I successfully completed my little experiment to resist the temptation to spread out my work and just do it already. I didn't work as quickly as I might have. If I had, I would have finished about a day before I did, but all in all, it was successful.
Now I am in my third week of nothing to do at work. I have had one-off jobs that take a few minutes, but for the vast majority of my time, I have been aimlessly clicking around the Internet, grasping at conversations, looking for something to do. It's painful.
I have done some procrastinated research on money software and finally revamped my whole retirement portfolio since my employer decided to "make retirement simpler and easier" by eliminating all of our previous choices, forcing us to roll our entire portfolio into something else, and requiring us to choose new funds for future contributions. Easier and simpler, indeed.

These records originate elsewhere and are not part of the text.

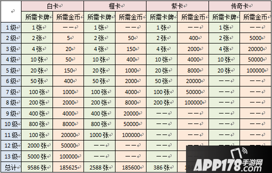 如Supercell的其它游戏一样,皇战也绝对是个深不见底的土豪游戏。我们做一个假设,如果玩家完全不在游戏里打钱,只是纯消费的话,那要花费多少钱呢?我们简单估算一下,商店中的卡牌售价分别为10、100、1000和40000(不考虑等待商店刷新的时间成本),那么如上表所示,玩家要获得满级的各色单张卡牌,所要耗费的金币为9586×10+185625=281485(白卡)、2588×100+185600=444400(橙卡)、386×1000+184400=570400(紫卡)、36×40000+175000=1615000(传奇卡),而目前游戏中的白卡为22张,橙卡为23张,紫卡为24张,传奇卡为15张,那么这些卡全部升满的话则需要5432万8470枚金币!按照游戏中648元购买14000宝石,而4500宝石可兑换10万金币的标准,每枚金币折合人民币0.00208元,那么玩家要纯靠财力去升满所有卡牌,就需要花费113158元!
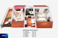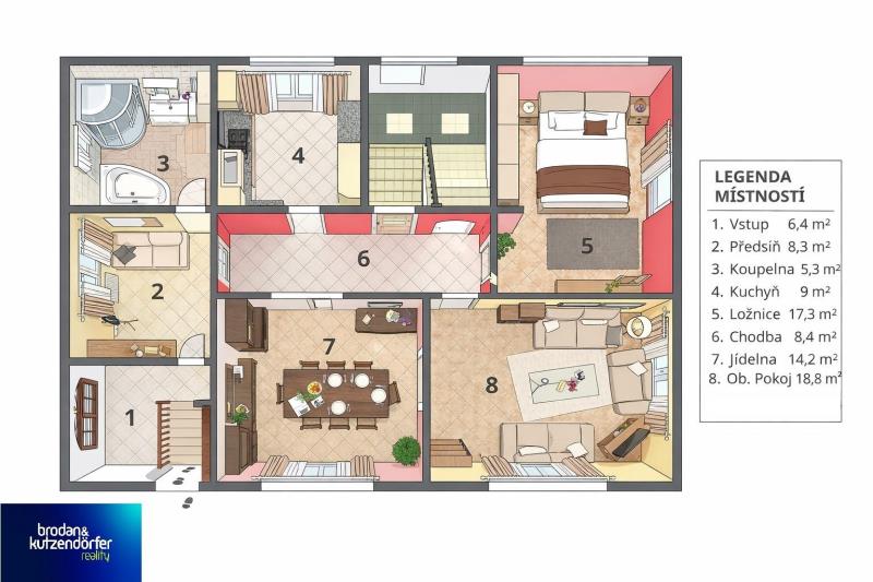 Vstupní chodba, koupelna, samostatná kuchyně, ložnice, prostorný obývací pokoj propojený s jídelnou, schodiště do patra a do suterénu.
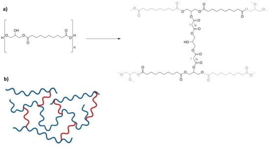 (a) Crosslinking reaction between pre-PGS molecules that leads to the formation of insoluble elastomeric PGS. (b) Crosslinked network in PGS elastomer; main chains are depicted in blue, while crosslink chains are red (created in https://www.biorender.com/).
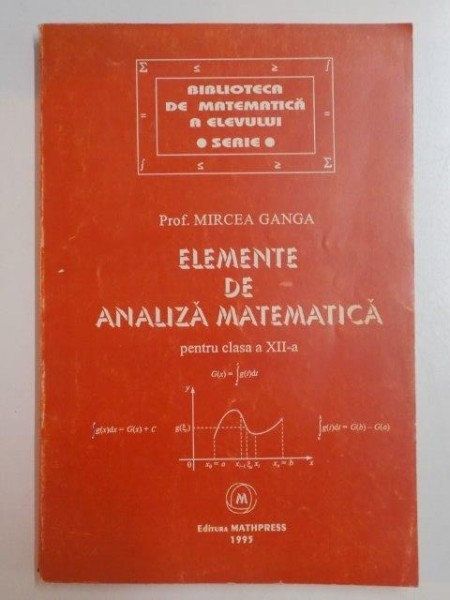 ELEMENTE DE ANALIZA MATEMATICA PENTRU CLASA A XII - A de MIRCEA GANGA , 1995
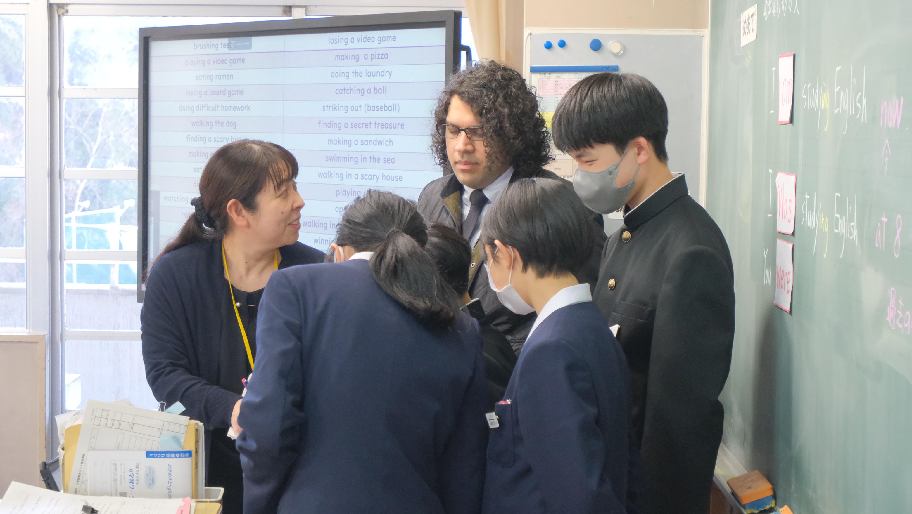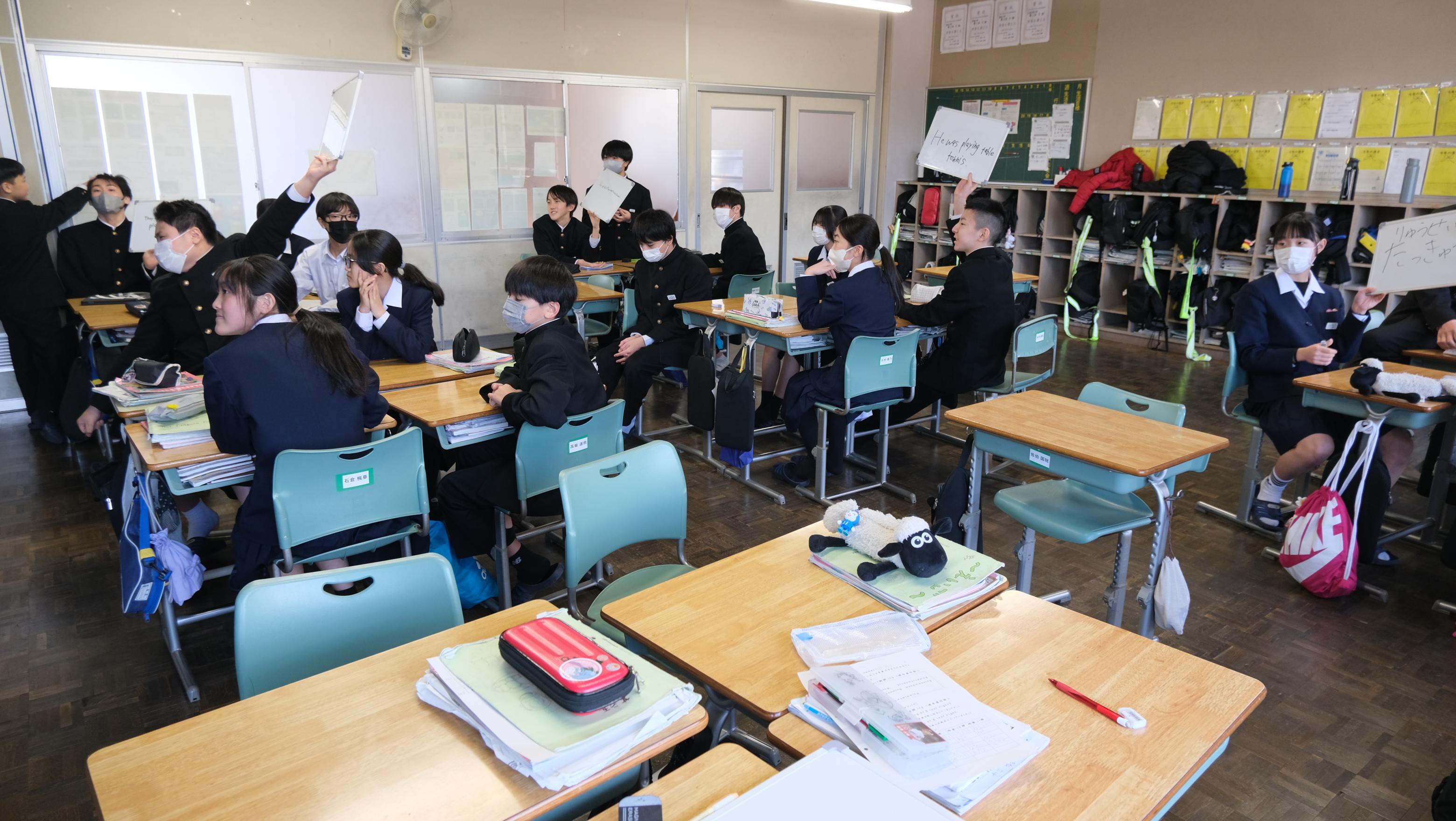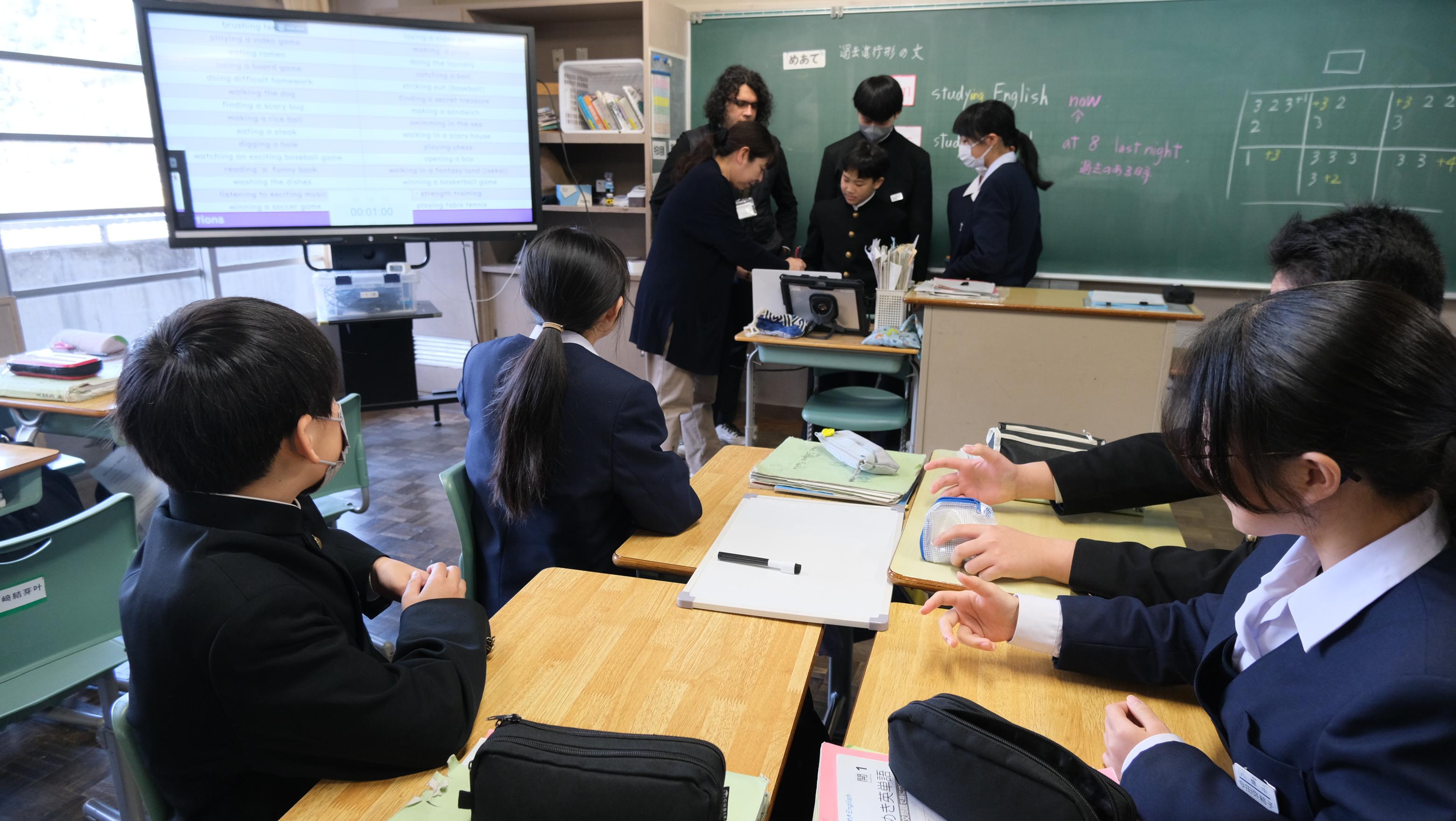 1年生の授業では、楽しいジェスチャーゲームで盛り上がりました。短い期間ではありましたが、八雲中学校の感謝の気持ちを送ります。「Thank you so much.We wish your happiness!」

The time has not been completely in vain, but I have fast run out of things to do.
So what have I learned here?
I definitely think it was worthwhile to push through my desire for distraction and just work. There was some disciple to be practiced. It's good to practice.
But I was right in dreading the inevitable outcome. I still have three more days before the new monthly files start trickling in again. I squirm in my chair. Getting out of bed is harder knowing all I have to look forward to is clicking around the Internet all day. That's fun for a day or two, but it gets old. Painfully boring, sometimes. Even writing blog posts is harder because there is nothing pricking my mind into activity.
Will I keep it up? I don't know.
In April, I am taking the entire first full week off of work, thanks to the new vacation policy. The first week of the month is my busiest time. In the past, there was someone available to pick up my slack, but those people have left. When I return towards the middle of the month, I will be very busy since a) I will be behind and b) April is a short work month anyway.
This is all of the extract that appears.